> What is required:
Using the listing below, set down exactly the lines from the one that contains "Imnperlux Germany blue" through the one that contains "1. 전체보기 : 업종별찾기/지도보기/키워드검색/이벤트홈으로", with no pictures.

> Records for this task:
----------

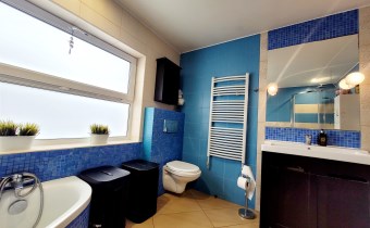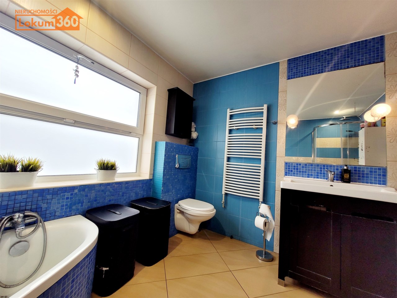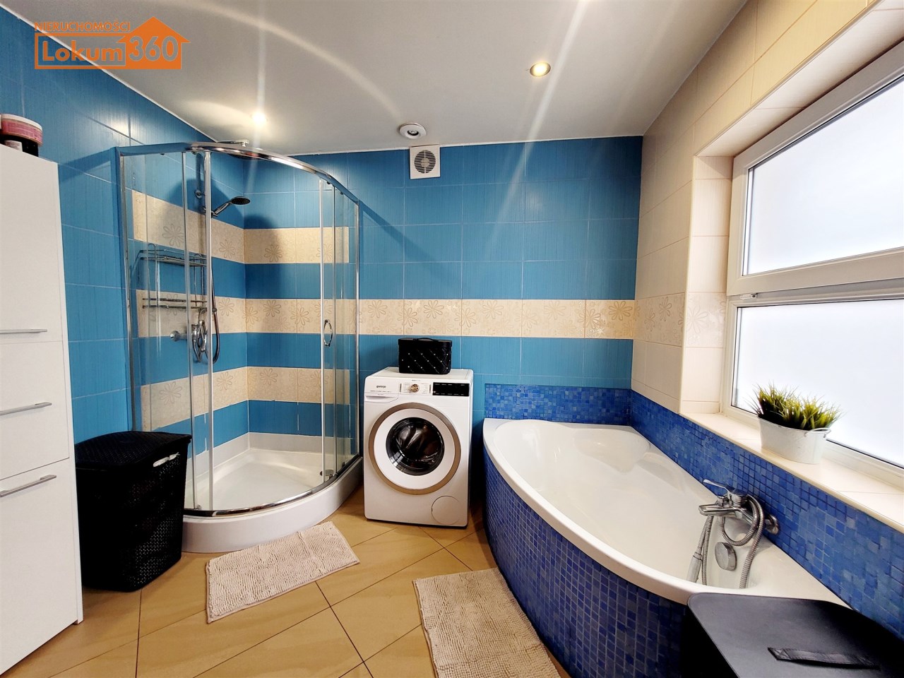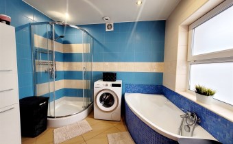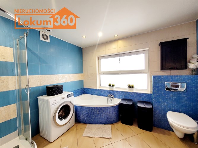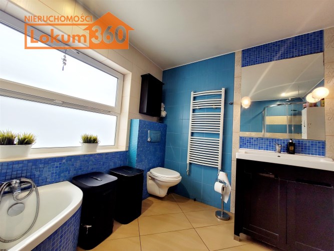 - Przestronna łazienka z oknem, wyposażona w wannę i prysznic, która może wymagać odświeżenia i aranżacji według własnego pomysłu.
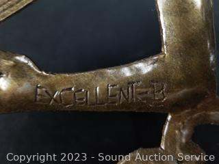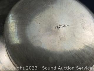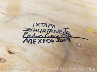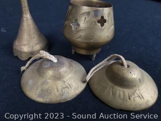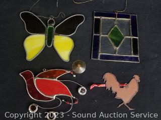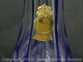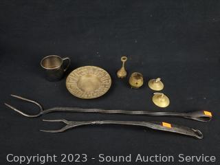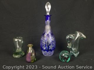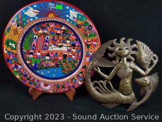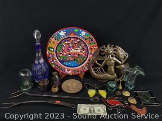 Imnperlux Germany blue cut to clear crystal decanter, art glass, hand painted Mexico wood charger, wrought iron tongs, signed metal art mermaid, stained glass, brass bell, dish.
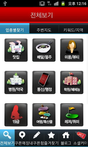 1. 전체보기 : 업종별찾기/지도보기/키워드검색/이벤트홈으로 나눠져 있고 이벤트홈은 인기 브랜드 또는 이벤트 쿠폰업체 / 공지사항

----------

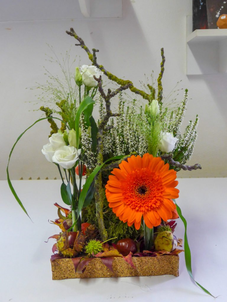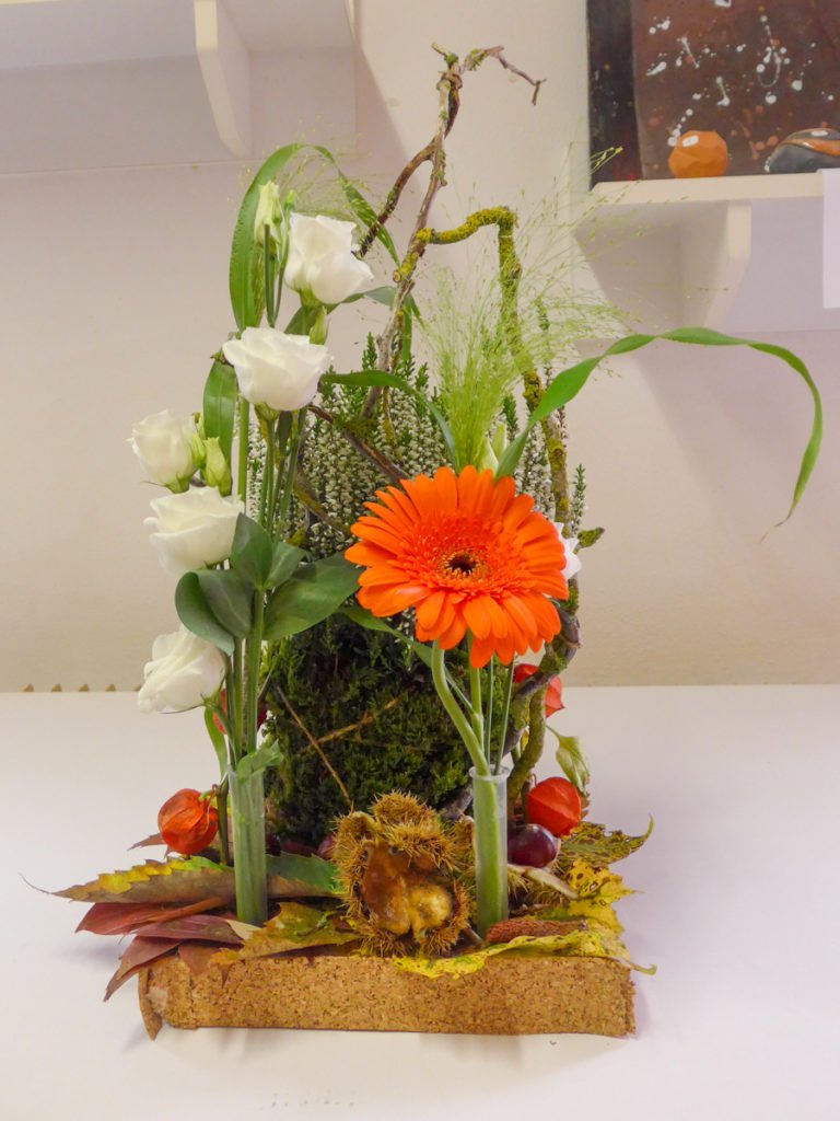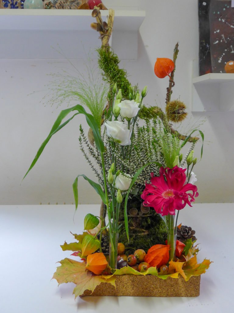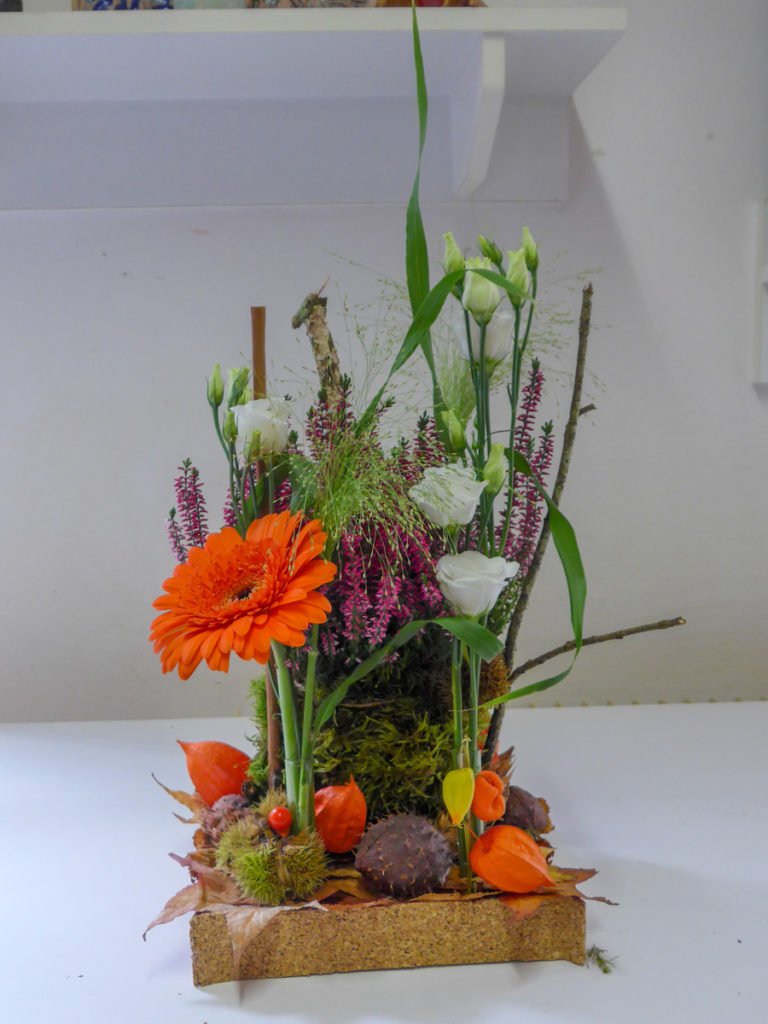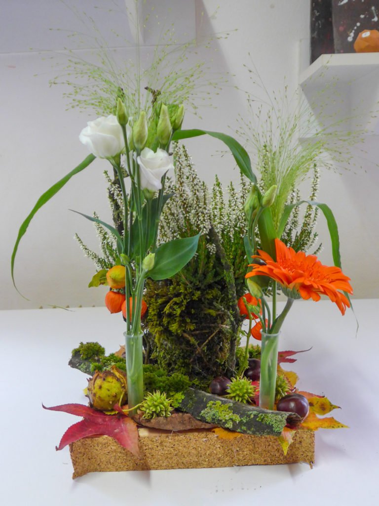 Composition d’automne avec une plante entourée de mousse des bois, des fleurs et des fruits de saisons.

----------

> Response for this exercise:
 Imnperlux Germany blue cut to clear crystal decanter, art glass, hand painted Mexico wood charger, wrought iron tongs, signed metal art mermaid, stained glass, brass bell, dish.
 1. 전체보기 : 업종별찾기/지도보기/키워드검색/이벤트홈으로 나눠져 있고 이벤트홈은 인기 브랜드 또는 이벤트 쿠폰업체 / 공지사항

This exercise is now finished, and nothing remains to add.